__Prompt__. When writing out the entries below, keep only the lines from the line with "Highcraft GUHD-TT12-12P Gas" to the line with "亚拓管理软件、红管家仓库管理", both included, exactly as they are, and leave the pictures aside.

Extracted data entries:
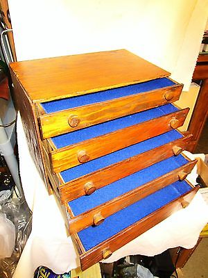 Vtg Wood Storage Box Chest Cabinet 5 Drawers Sm Tools Trinket Jewelry Primitive
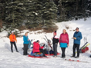 We were led by Ivan D. and assisted by Dion B., with Amanda B., Margo and George C., and Bill F. rounding out the complement. The trail was firm, having been packed down by various users including snowshoers. Eventually Ivan deviated from the hard pack to the left hand side of the valley, leading us on a trail-breaking exercise through the trees. Dion took a turn breaking trail and finding a path, and when it was Bill’s turn he remembered how much work breaking trail through deep soft snow really is. Ivan enriched the sharing of his knowledge of many years of back-country skiing by telling us how guides think and what they do for their clients. A guide will lead his or her clients directly across a frozen creek by sidestepping down the bank (and in so doing preparing an easier surface for climbing back up on the return journey). A guide will bring down snow on the opposite bank if need be with his or her ski poles so the clients have an easier time climbing up. Being a guide is hard work! We eventually found our way out of the trees and joined a main trail along the creek bottom. As the valley opened up with views of the surrounding peaks, we continued upstream until we reached the lunch spot. I think we overshot by about 10 m according to Ivan’s GPS.
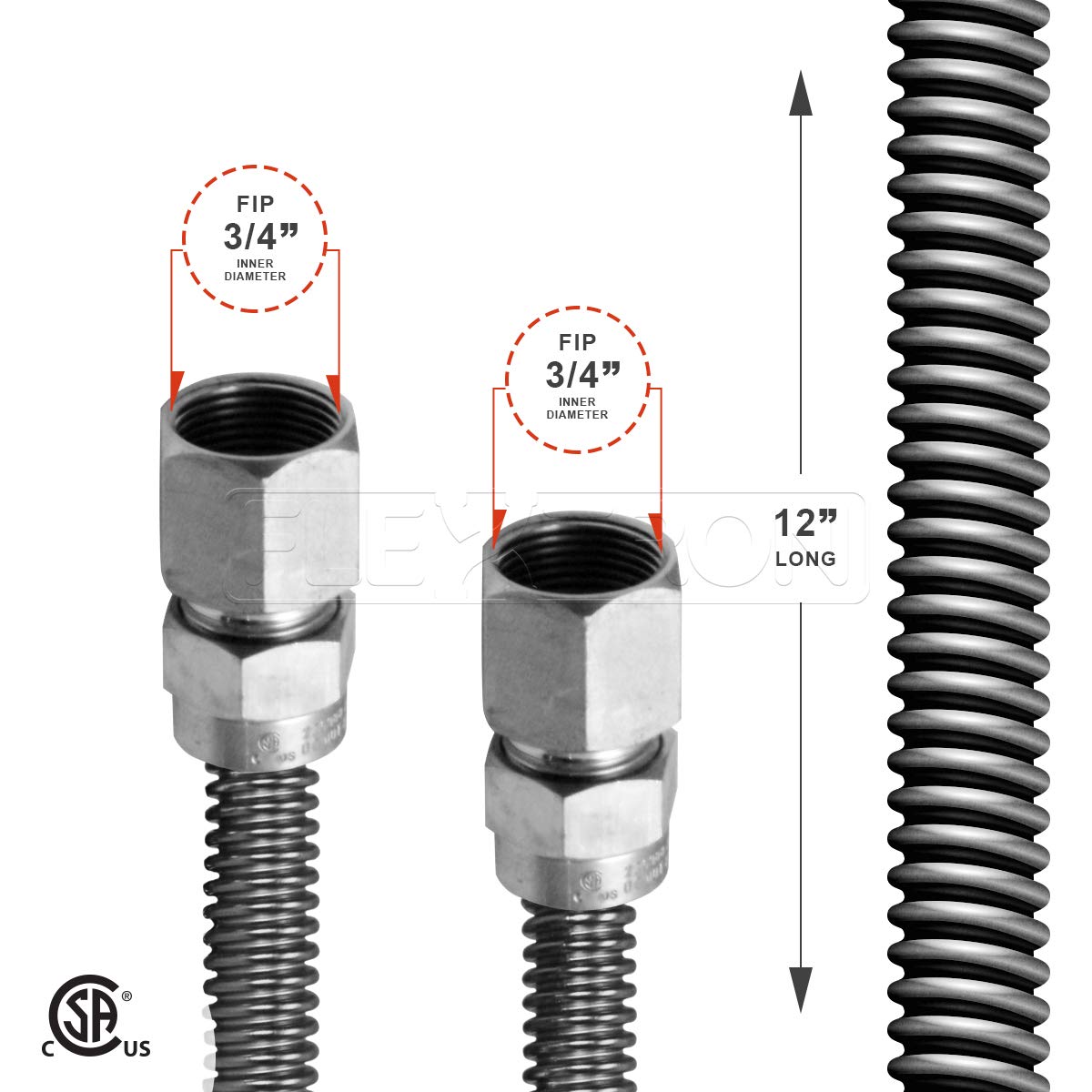 Highcraft GUHD-TT12-12P Gas Line Hose 5/8" O.D. x 12" Length
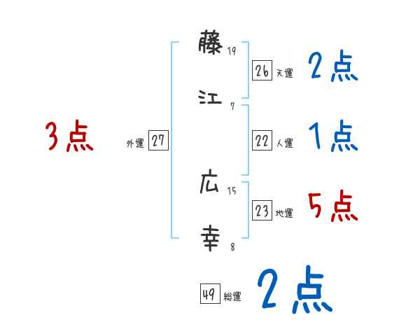 天運![]() | 藤江広幸さんの天運は26画の2つ星!波瀾万丈かも。信頼できる人を大事にしましょう。 家系が持つ宿命的な運勢を表します。祖先から受け継いだ苗字ですので自分の力が及びません。家柄を象徴します。 |
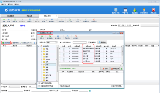 亚拓管理软件、红管家仓库管理软件、红管家送货单软件开单时都可以直接从商品信息中选择已有的商品进行快速开单,软件都支持对商品信息进行排序。开单添加明细时弹出的“选择商品”窗口中商品信息显示的先后顺序如果需要调整,可以到商品信息中调整。下面我们以亚拓管理软件专业版为例介绍一下对商品信息排序的操作方法。 登录软件,在功能导航窗点“基础资料”—
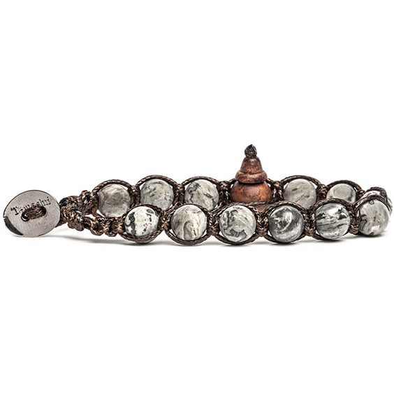 In Tibet i gioielli hanno un forte valore simbolico e tramandano valori culturali e religiosi antichissimi. Nella tradizione buddhista le gemme e i gioielli servono come metafore per gli ideali della fede ed esprimono misteriose condizioni spirituali e attributi interiori nascosti. Tamashii (o Shamballa) è un bracciale utilizzato dai monaci tibetani per favorire la meditazione, per le pratiche religiose e come talismano. Infatti Tamashii significa “anima” e il termine deriva da 'tama' che significa “gioiello”, quindi “gioiello dell’anima”. Chi lo indossa persegue un ideale di pace e di amore verso se stesso e verso il mondo, il bracciale aiuta a proteggere la sua anima, a farla crescere e farle trovare un ruolo ed un senso all'interno della vita. Prodotto realizzato in Tibet e benedetto da monaci buddisti. Ogni bracciale è spedito con relativa confezione originale e certificato di garanzia. Bracciale Tamashii Tradizionale a 1 giro Bracciale tradizionale originale tibetano (Shamballa) realizzato in Tibet con pietre naturali dure, semi-preziose e preziose e benedetto da monaci Buddisti. Ogni bracciale Tamashii è caratterizzato dalla presenza della Calabash (zucca) e dal bottone inciso Tamashii. La diaspro Picasso e` una pietra grigio scuro, arancione o gialla con strisce in genere nere o marroni. E` una pietra associata alla creatività, alla consapevolezza e all'autodisciplina. Aiuta a ricordare i sogni e ci ricorda, anche, che dobbiamo prenderci un momento per godere della vita e delle piccole cose. Bracciale originale tibetano Tamashii realizzato con pietre naturali DIASPRO PICASSO. Unisex e taglia unica (il bracciale è predisposto per adattarsi a qualsiasi diametro di polso). Ogni bracciale è spedito con relativa confezione originale e certificato di garanzia.
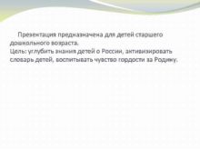 Презентация предназначена для детей старшего дошкольного возраста Цель
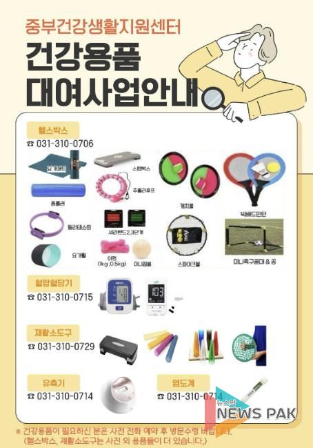 뉴스팍 배상미 기자 | 시흥시 중부건강생활지원센터는 시민의 건강생활 실천을 돕기 위해 헬스박스, 혈압ㆍ혈당, 염도계, 재활 소도구, 유축기 등 다양한 건강용품 대여 사업을 운영하고 있다.
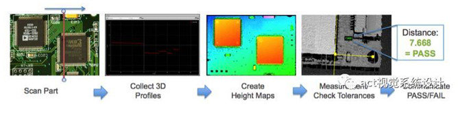 五、3D測量的優(yōu)勢 2D視覺無法實現(xiàn)100%的質(zhì)量控制,它無法獲取掃描零件的幾何形狀數(shù)據(jù),導(dǎo)致與形狀有關(guān)的關(guān)鍵特征丟失。而3D測量能夠提供如下優(yōu)勢: ¨體積測量(X、Y和Z軸)提供與形狀和位置相關(guān)的參數(shù) ¨對比度不明顯的情況下,是檢查低對比度物體的理想選擇 ¨不受輕微的照明變化或環(huán)境光的影響 ¨光源和相機集成于傳感器內(nèi)部,并經(jīng)過預(yù)交準(zhǔn)能獲取更高的重復(fù)性 ¨易于組成多傳感器網(wǎng)絡(luò),用于掃描各種大型或復(fù)雜的工件 六、生產(chǎn)過程中的在線檢測 典型的在線檢測過程包括掃描、測量和控制,所有這些都在高度優(yōu)化的流水線操作流程中執(zhí)行,以跟上工廠的生產(chǎn)速度。 以下總結(jié)了檢測過程中的關(guān)鍵處理步驟: ¨通過組合這些圖像文件,生成高密度3D點云 ¨使用內(nèi)置測量工具計算測量值 ¨對照預(yù)設(shè)公差檢查測量結(jié)果 ¨通知工廠網(wǎng)絡(luò)和設(shè)備“合格/不合格”決定

__Written response__.
 Highcraft GUHD-TT12-12P Gas Line Hose 5/8" O.D. x 12" Length
 天運![]() | 藤江広幸さんの天運は26画の2つ星!波瀾万丈かも。信頼できる人を大事にしましょう。 家系が持つ宿命的な運勢を表します。祖先から受け継いだ苗字ですので自分の力が及びません。家柄を象徴します。 |
 亚拓管理软件、红管家仓库管理软件、红管家送货单软件开单时都可以直接从商品信息中选择已有的商品进行快速开单,软件都支持对商品信息进行排序。开单添加明细时弹出的“选择商品”窗口中商品信息显示的先后顺序如果需要调整,可以到商品信息中调整。下面我们以亚拓管理软件专业版为例介绍一下对商品信息排序的操作方法。 登录软件,在功能导航窗点“基础资料”—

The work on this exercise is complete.